EXERCISE AIM »
What should you transcribe? Every line from the top of the records below through the line with "rozwiązanie polegające na", exactly, and no pictures.

DATA FOR THIS TASK »
==================================================
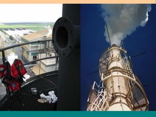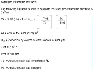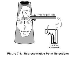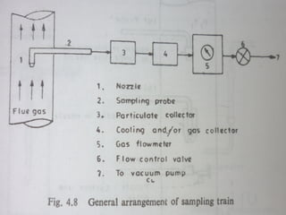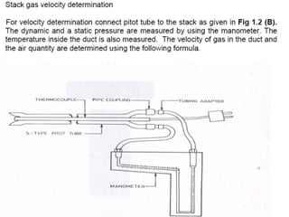 The document outlines various methods and devices used for sampling gases and vapors during air pollution monitoring. It covers principles of isokinetic sampling, types of sampling equipment like probes, suction devices, bags, and adsorption methods, as well as stack monitoring techniques to ensure compliance with environmental regulations. Additionally, it discusses the importance of collecting representative samples from different traverse points in stacks for accurate emissions analysis.
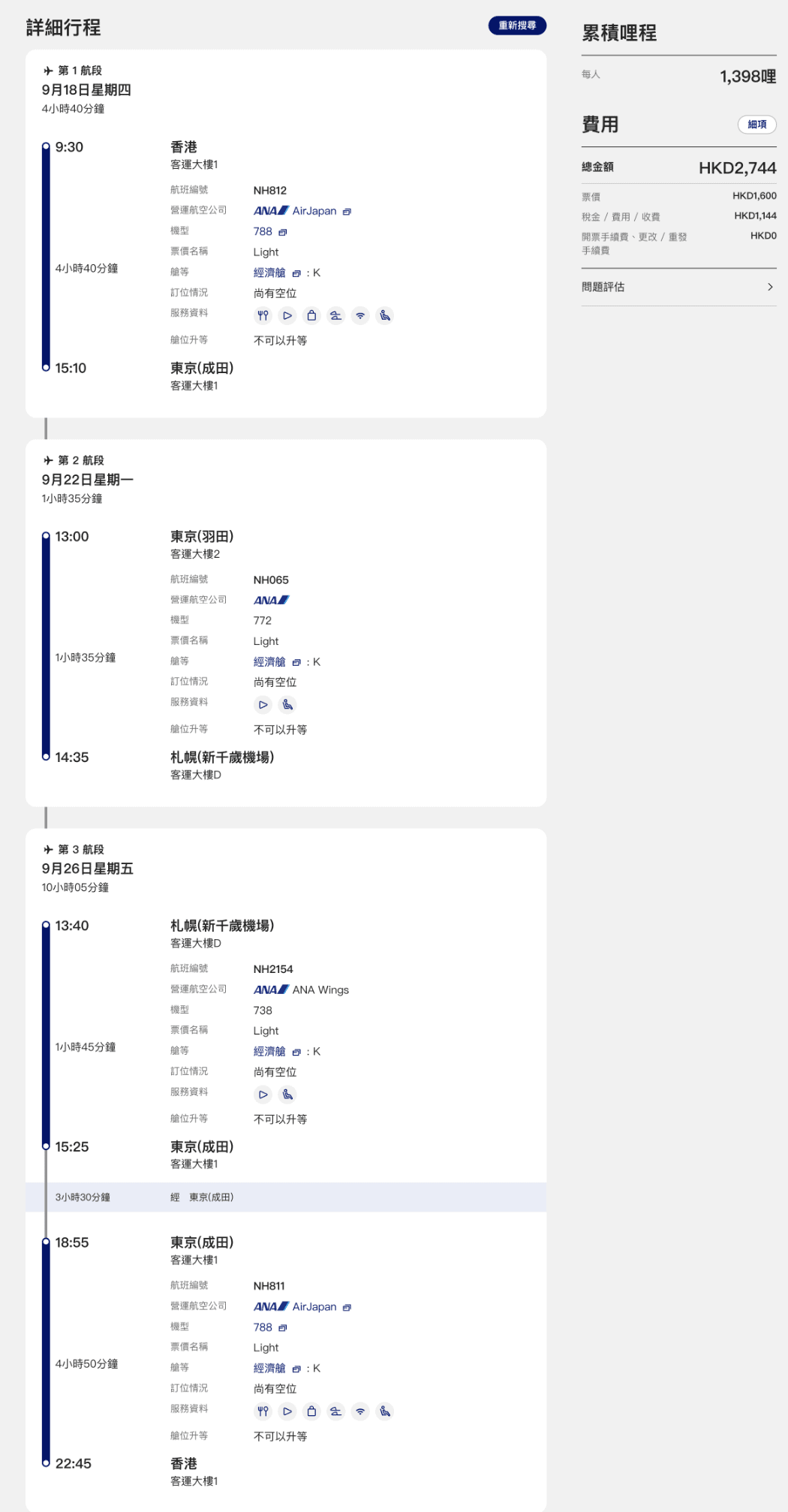 9月18日香港飛東京成田,9月22日東京羽田飛札幌,9月26日札幌經東京成田飛香港來回連稅$2,744起
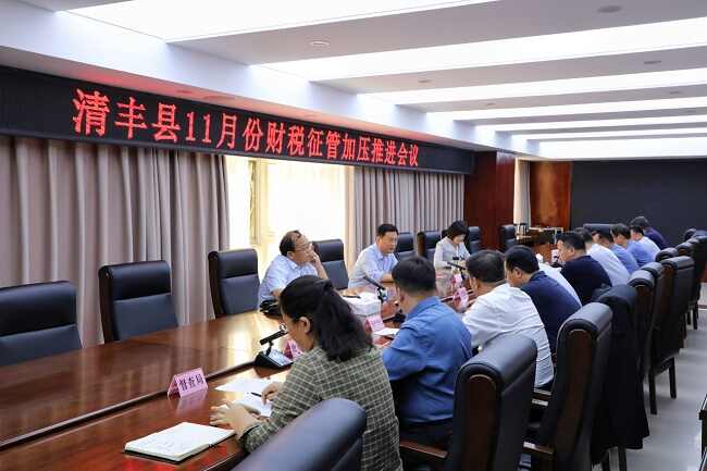11月2日,县委副书记、县长赵丹召开清丰县11月份财税征管加压推进会议,听取了县税务局关于我县11月份税收征管计划的汇报。县委常委、常务副县长程春艳,县开发区党工委书记师敬川,县政府办、督查局、财政局、税务局、自然资源局、房产中心、住建局、水利局、国资集团等单位负责同志参加。
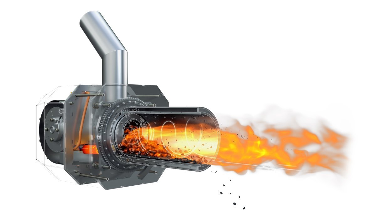rozwiązanie polegające na zastosowaniu rotacyjnej komory spalania oraz komory nadmuchowej eliminuje wszelkie problemy związane z narastaniem i gromadzeniem się zgorzeli w obu komorach. Zastosowaliśmy cykliczne wzruszanie paleniska poprzez obrót komory, w której zachodzą procesy powstawania zgorzeli, spieków i popiołów. Dzięki temu w sposób ciągły odprowadzamy produkty spalania z komory paleniskowej i nadmuchowej, nie wpływając na utratę mocy palnika i jednocześnie unikamy występującego w innych dostępnych na rynku palnikach problemu: zapychania się komory. Czyli palnik cały czas pracuje efektywnie.
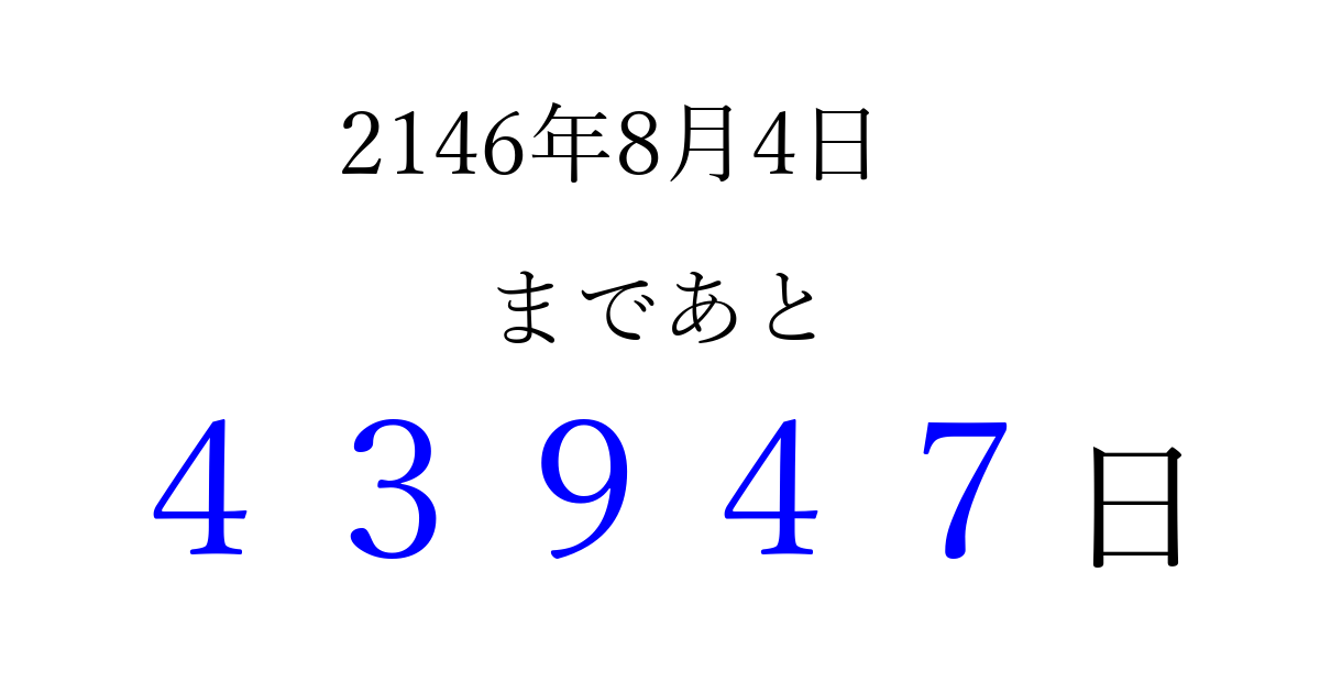 2146年8月4日(木)まで あと 99999 日です 追加すると、トップページからすぐ選べるようになります ※2026/04/08現在の結果です。 最新の状態に更新する ↓シェアして、タイムライン上にカウントダウンを表示しよう!↓ 📤 この結果を共有する Tweet シェア Threads Bluesky 別の日付でカウントダウン 2146年8月のカレンダー このページをブックマークに追加すると、いつでもカウントダウンを確認できます。 (PC: Ctrl+D / Mac: ⌘+D) hitome-notes.comでは以下のページも運営しています。 指定日と期間から日付を計算 | ガチャ確率計算・シミュレーション | プライバシー・ポリシー 運営者:Avocado
==================================================
RESPONSE FOR THIS EXERCISE »
 The document outlines various methods and devices used for sampling gases and vapors during air pollution monitoring. It covers principles of isokinetic sampling, types of sampling equipment like probes, suction devices, bags, and adsorption methods, as well as stack monitoring techniques to ensure compliance with environmental regulations. Additionally, it discusses the importance of collecting representative samples from different traverse points in stacks for accurate emissions analysis.
 9月18日香港飛東京成田,9月22日東京羽田飛札幌,9月26日札幌經東京成田飛香港來回連稅$2,744起
11月2日,县委副书记、县长赵丹召开清丰县11月份财税征管加压推进会议,听取了县税务局关于我县11月份税收征管计划的汇报。县委常委、常务副县长程春艳,县开发区党工委书记师敬川,县政府办、督查局、财政局、税务局、自然资源局、房产中心、住建局、水利局、国资集团等单位负责同志参加。
rozwiązanie polegające na zastosowaniu rotacyjnej komory spalania oraz komory nadmuchowej eliminuje wszelkie problemy związane z narastaniem i gromadzeniem się zgorzeli w obu komorach. Zastosowaliśmy cykliczne wzruszanie paleniska poprzez obrót komory, w której zachodzą procesy powstawania zgorzeli, spieków i popiołów. Dzięki temu w sposób ciągły odprowadzamy produkty spalania z komory paleniskowej i nadmuchowej, nie wpływając na utratę mocy palnika i jednocześnie unikamy występującego w innych dostępnych na rynku palnikach problemu: zapychania się komory. Czyli palnik cały czas pracuje efektywnie.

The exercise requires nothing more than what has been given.